Ecology of Anti-Biofilm Agents I: Antibiotics versus Bacteriophages

Abstract

Bacteriophages, the viruses that infect bacteria, have for decades been successfully used to combat antibiotic-resistant, chronic bacterial infections, many of which are likely biofilm associated. Antibiotics as anti-biofilm agents can, by contrast, be inefficacious against even genetically sensitive targets. Such deficiencies in usefulness may result from antibiotics, as naturally occurring compounds, not serving their producers, in nature, as stand-alone disruptors of mature biofilms. Anti-biofilm effectiveness by phages, by contrast, may result from a combination of inherent abilities to concentrate lytic antibacterial activity intracellularly via bacterial infection and extracellularly via localized population growth. Considered here is the anti-biofilm activity of microorganisms, with a case presented for why, ecologically, bacteriophages can be more efficacious than traditional antibiotics as medically or environmentally applied biofilm-disrupting agents. Four criteria, it can be argued, generally must be met, in combination, for microorganisms to eradicate biofilms: (1) Furnishing of sufficiently effective antibacterial factors, (2) intimate interaction with biofilm bacteria over extended periods, (3) associated ability to concentrate antibacterial factors in or around targets, and, ultimately, (4) a means of physically disrupting or displacing target bacteria. In nature, lytic predators of bacteria likely can meet these criteria whereas antibiotic production, in and of itself, largely may not.
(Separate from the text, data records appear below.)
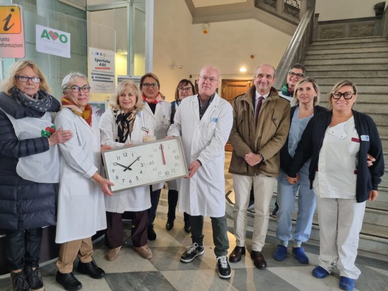 Stamattina nell’atrio dell’ospedale è stato presentato, oltre ad Avo, dal direttore dell’ospedale Luca Carneglia e dal direttore del pronto soccorso Luca Dallatomasina. “In emergenza spesso perdiamo la cognizione del tempo – spiega Dallatomasina – Una volta montato alla parete, azionandolo con un pulsante ci aiuterà a scadenzare secondi e minuti durante, per esempio, manovre rianimatorie, somministrazione di farmaci e trombolisi. Ringraziamo Avo per l’attenzione”. Ringraziamenti e profonda gratitudine espressa anche da Carneglia. “Ogni anno la nostra associazione – dichiarano Virginia Panariello e Diamantina Ansaldo di Avo – effettua una donazione all’ospedale. Quest’anno abbiamo deciso di destinare quanto raccolto tramite il 5×1000 al pronto soccorso in quanto porta di accesso di tutti i cittadini”.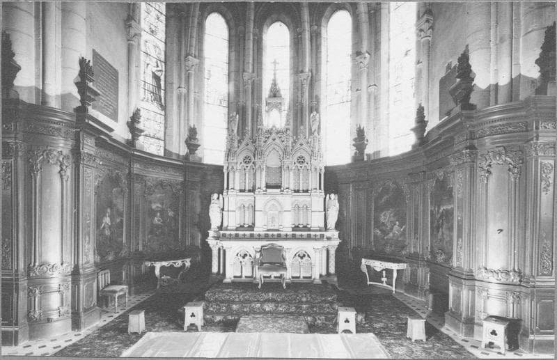 POP | Plateforme ouverte du patrimoinelambris de revêtement, 2 crédences, 4 tableaux : Jésus au puits de Jacob, le Retour du fils prodigue, le Sacrifice d'Abraham, autre tableau non identifié (vue d'ensemble)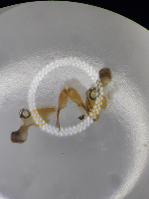 Aggiungo anche le foto dei genitali maschili e femminili, successivamente la spina delle metatibie della femmina che a quanto ho appena scoperto è molto simile a quella di H. ovatus, infine un ultimo carattere per distinguere ovatus da anatolicus, ovvero la forma del capo (piatto nel primo e tondeggiante nel secondo).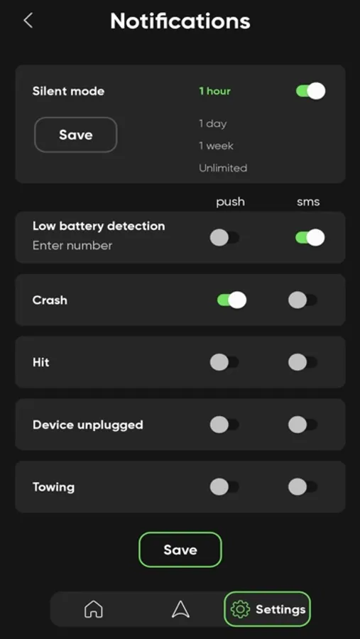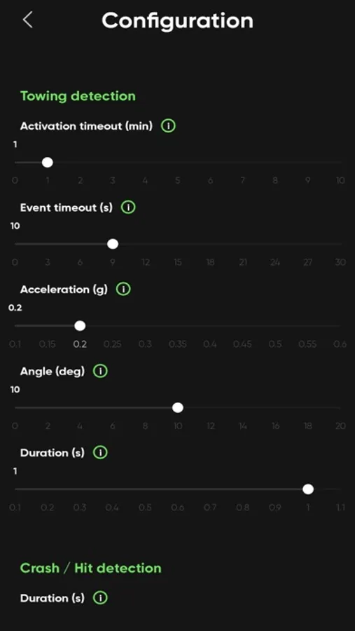 Smart notifications of hits/crashes/towing/device disconnection;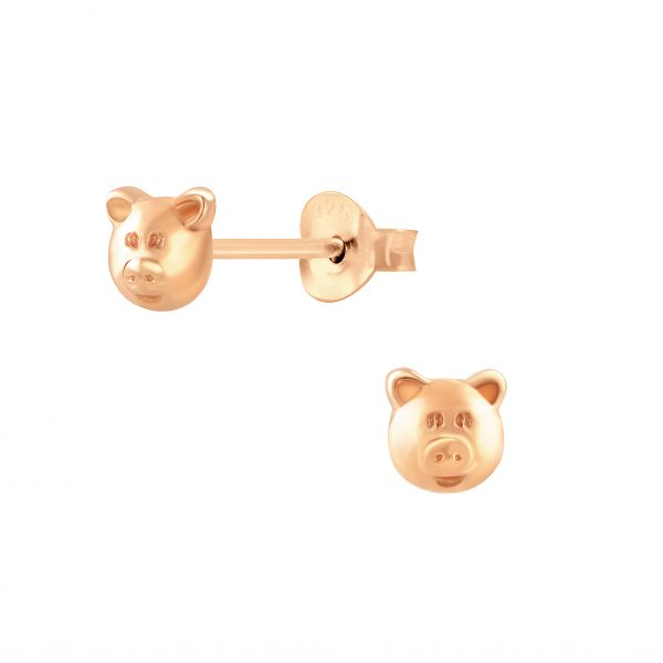 Silver Pig Stud Earrings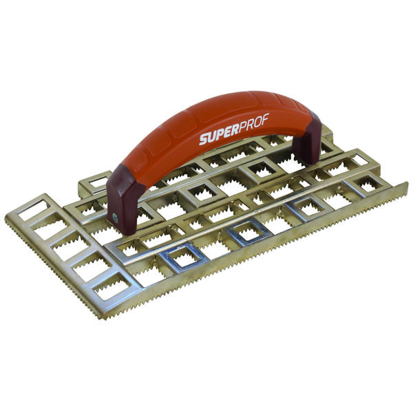 Rabatschaaf aluminium met getante RVS messen en soft greep voor het opruwen van pleisterwerk.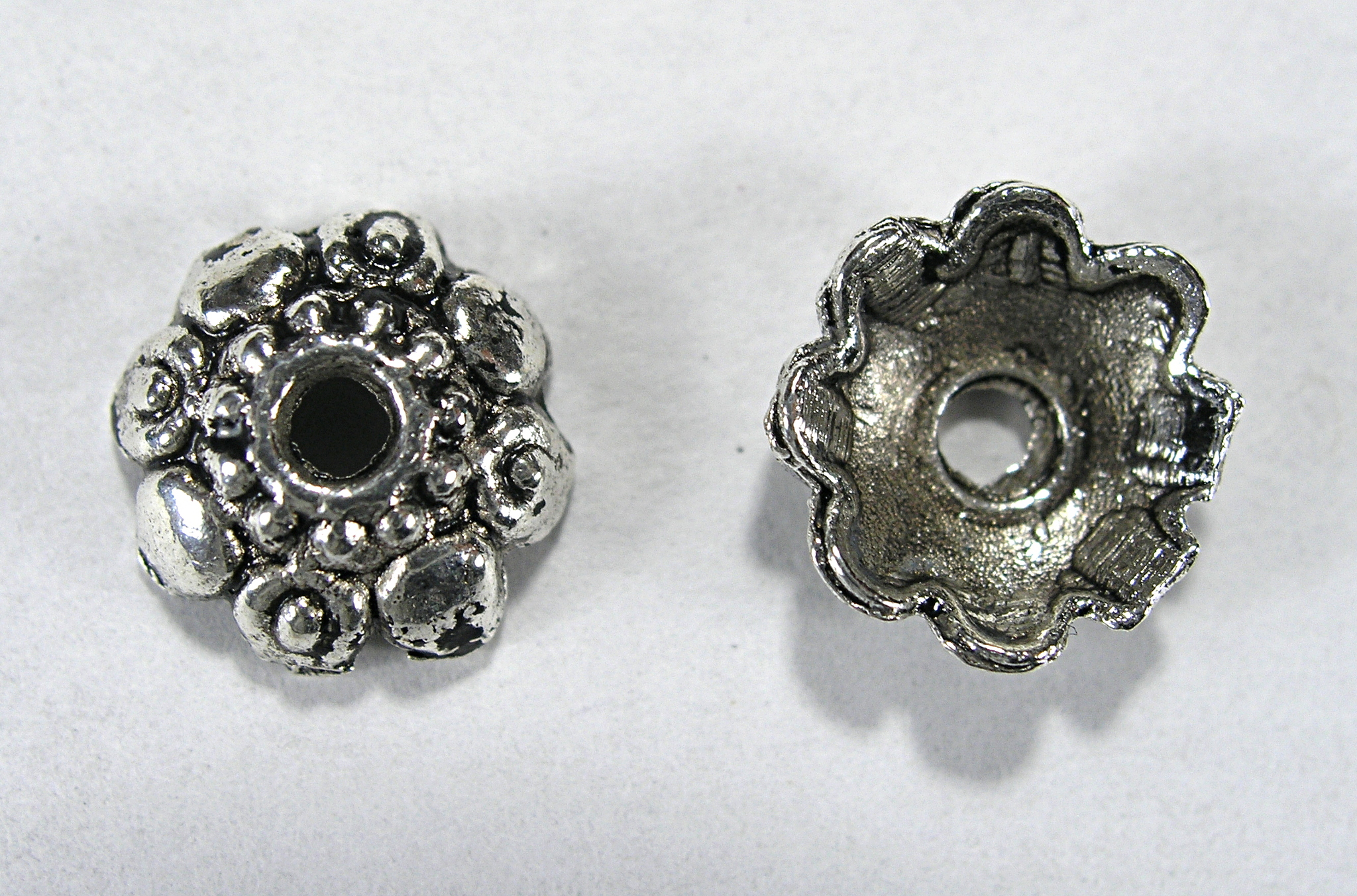Шапочка для бусин. Размер - 9х3 мм (диаметр, высота). Материал - сплав олова с содержанием цинка, с покрытием серебром 925 пробы. Поставщик - США. Цена указана за две штуки.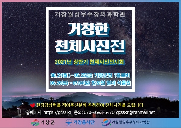 경남 거창군은 오는 21일부터 7월 4일까지 군청 로비와 창포원 열대식물원에서 '2021년 상반기 거창한 천체사진전'을 개최한다.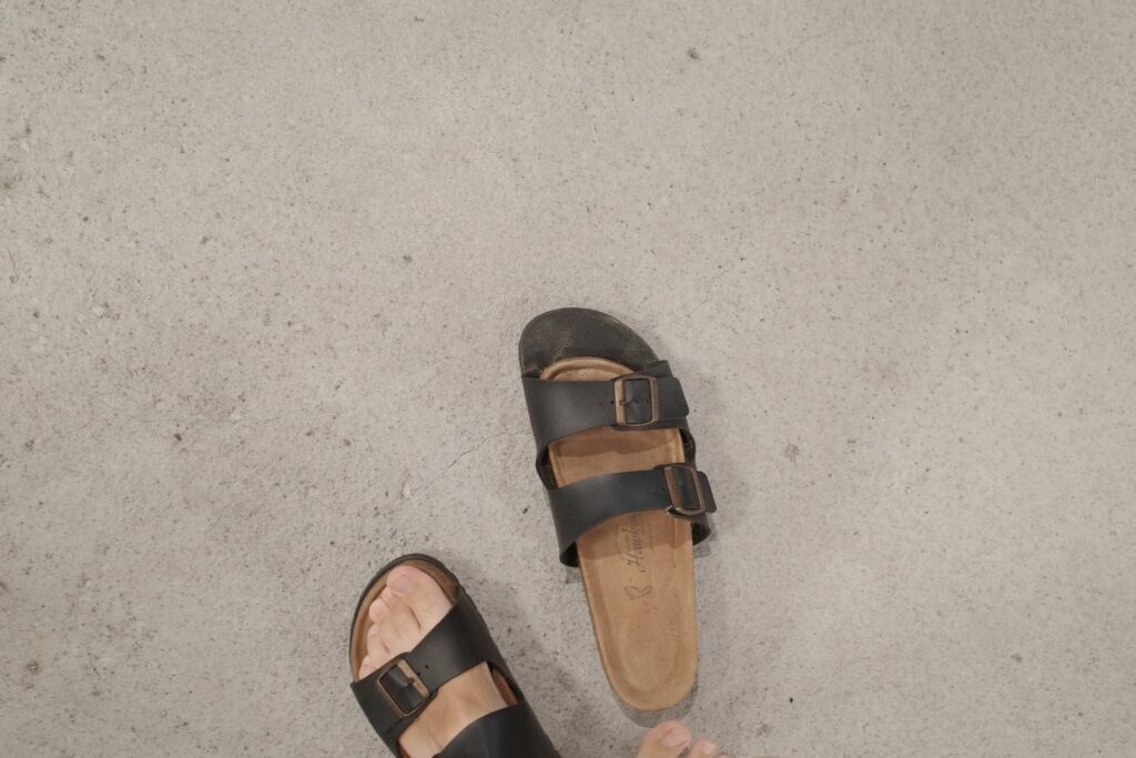 山形県で豪雨にさらし続けたことでサンダルの底が剝がれてしまいました…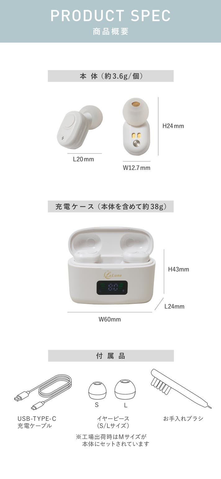 - 【補聴器メーカーとの開発】睡眠時に着用しても違和感の少ない、フィット&コンパクト設計を実現。

Keywords: Lanchester’s laws; antibiotics ecology; biocontrol; biofilm control; biofilm eradication; biofilms; ecology; phage therapy.

Figure 1

Diagrammatic representation of material presented in Table 1. Arrows point in the direction of antibacterial action, from antibacterial producer to antibacterial target. As abbreviated: “ω” refers to “Offense”, “δ” to “Defense”, “B” to “Before”, “D” to “During”, and “A” to “After”. Orange “Pacman”-like symbols refer to antibacterial deployment that is followed by consumption of target organisms for nutrients, turquoise lightning bolts refer to antibacterial-mediated killing of target organisms for the sake of protection of producing organisms, and yellow crosses refer to antibacterial action against target organisms for the sake of obtaining colonizable surfaces (i.e., “Space”) by producer organisms. The solid, blue horizontal lines refer to intact colonizable surfaces while the brown dashed line refers to an equivalent but disrupted surface. The arrow labeled with ωD-3 (see also Table 1) refers to as effected by either disseminating or instead biofilm-associated bacteria. A second δB arrow, equivalent in placement to the second-from-the-left ωB arrow, has been omitted from the figure to reduce clutter. The actions indicated in the right-hand third of the figure are as potentially effected by fungi.

Figure 2

Overview of phage advantages as anti-biofilm agents in comparison to antibiotics. Bacteria are presented primarily as pink circles and extracellular polymeric substance (EPS) is represented as a blue background. Toward the upper left is a single, lysing, phage-infected bacterium, presented as a gray circle. Arrows emanating from that phage-infected bacterium represent free phages that have been produced, released, and which otherwise are diffusing towards neighboring phage-sensitive bacteria. The loss of blue background, as seen towards the upper-left of the figure, represents the action of EPS depolymerase. These depolymerase enzymes are displayed by phage virions and/or are released locally upon lysis from phage-infected bacteria. Callouts describe properties of obligately lytic phages versus antibiotics as anti-biofilm agents. See Table 3 for additional discussion of these properties.